Seigo Tarucha and five scientists at Japan’s RIKEN Center for Emergent Matter Science (CEMS) recently demonstrated “a first step toward extending the capabilities of quantum systems based on spin qubits,” according to a press release earlier this month.
Typically, the quantum hardware challenges stem from the requirement for well-defined and stable qubits and a means to entangle them which can also be controlled or manipulated. Tarucha’s team has managed to entangle more than two silicon-based spin qubits – three to be precise – a result that had evaded physicists so far.
Tarucha’s team “initialized and measured a three-qubit array in silicon with high fidelity. They also combined the three entangled qubits in a single device,” the CEMS shared. A functional three-qubit system is the base level requirement for a large scale quantum computer.
That, however, is close to a decade away even in the Centre’s plans. The immediate goal is to show primitive error correction in this device and subsequently fabricate devices with ten or more qubits. The same process would then be followed up on systems comprising 50-100 qubits.

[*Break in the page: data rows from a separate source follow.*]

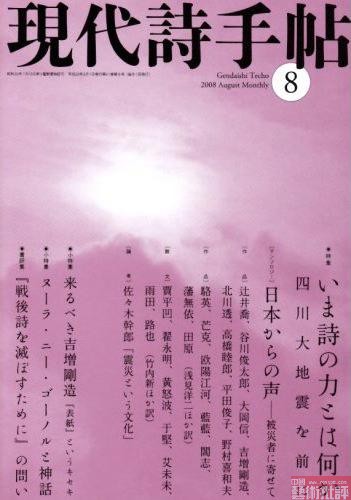 诗言之,诗人更有心志。2009年5月四川汶川大地震后,田原因为与日本诗人谷川俊太郎、思潮社社长小田久郎和北京诗人骆英等共同发起募捐活动,把募捐和征稿启示刊登在日本6月号的《现代诗手帖》上,其题目为“请协助四川大地震灾害救援行动”,呼唤日本的诗歌界给予关注,他也因此在日本文坛有了“汶川募捐诗人”之称。
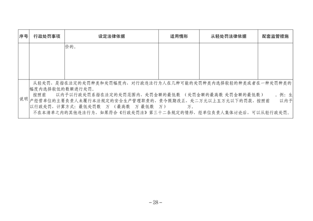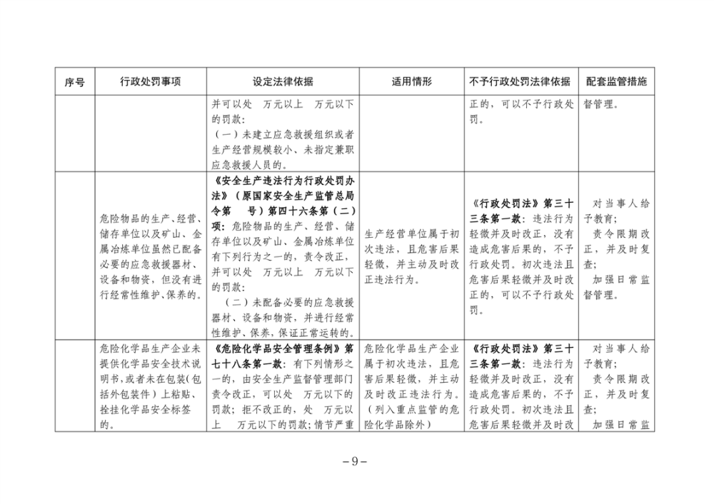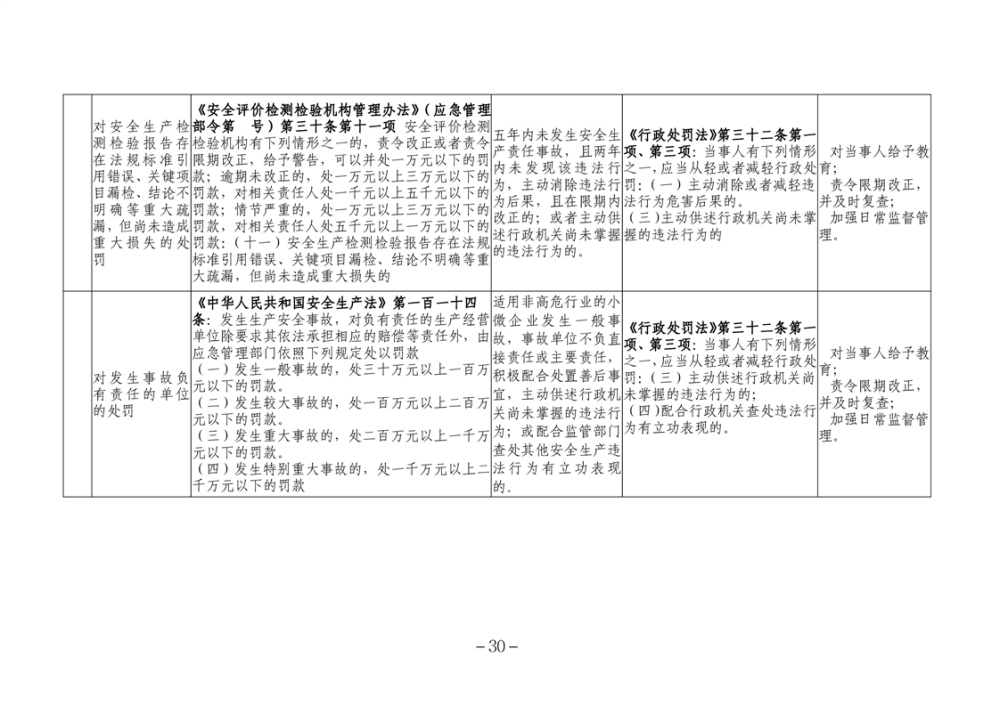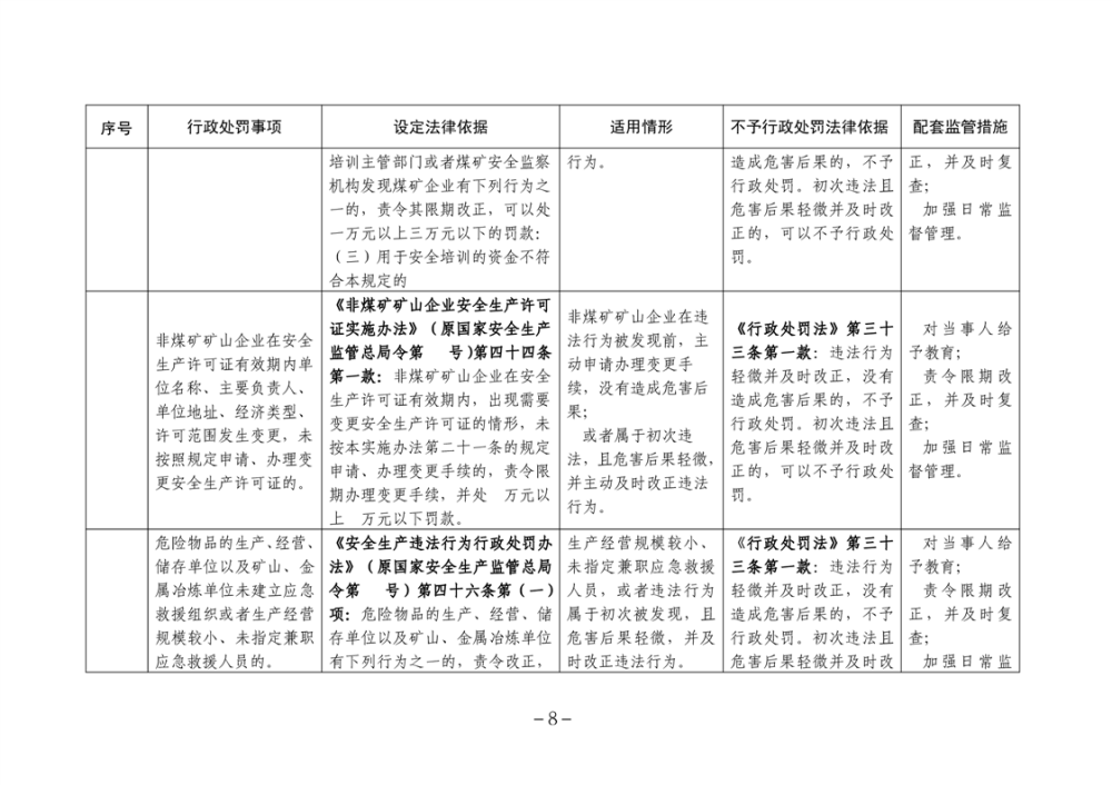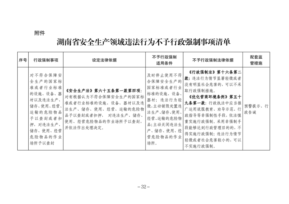 湖南省安全生產領域違法行為予行政處罰從輕行政處罰減輕行政處罰不予行政強製事項清單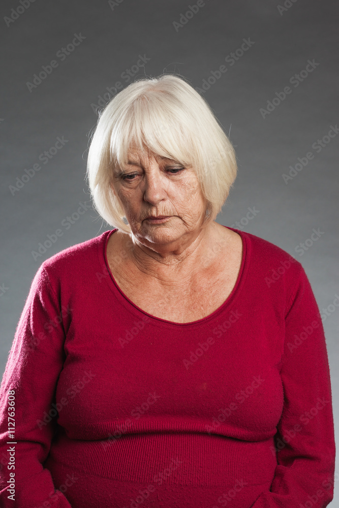 Sad, depressed - female senior portrait series on grey backgroun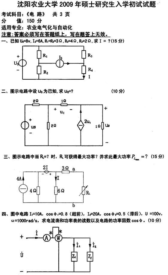 1. [电子书]沈阳农业大学信息与电气工程学院《807电路》[专业硕士]历年考研真题汇总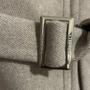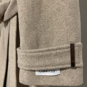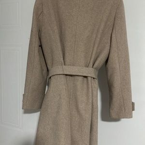 Fancy trench coat made with wool fabric, beige/tan in colour, size 14, long belt with buckle, never worn, good for cooler temperatures. Brown interior.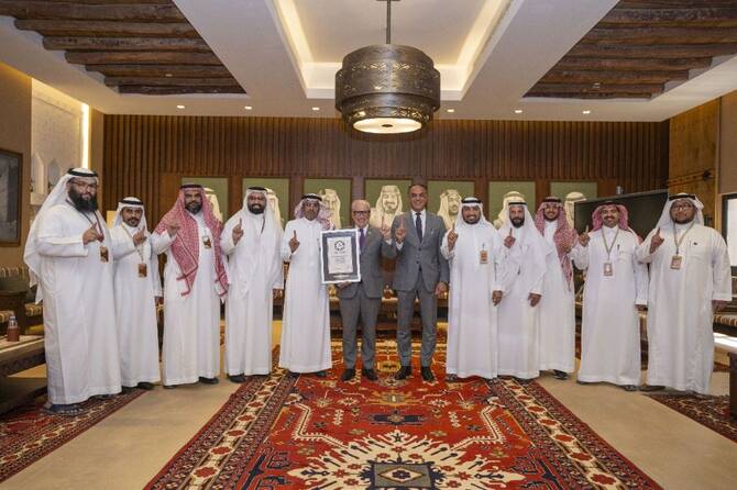 Guinness World Records adjudicators were on site to certify the achievement, officially recognizing Diriyah Co. for setting a new world record. The certificate was presented to company leadership during a celebratory ceremony that followed the lesson.

With over 200 researchers in about 30 groups and teams, CEMS carries out research in three areas: strongly-correlated materials, supramolecular functional chemistry, and quantum information electronics.
Situated in Wako, just outside of Tokyo, in the Japanese prefecture of Saitama, the CEMS is perhaps the only institute globally which combines fundamental research in the three disciplines of physics, chemistry and electronics.
It is part of the Riken scientific research institute spread across seven campuses. Tarucha heads the Quantum Functional System Research Group within CEMS.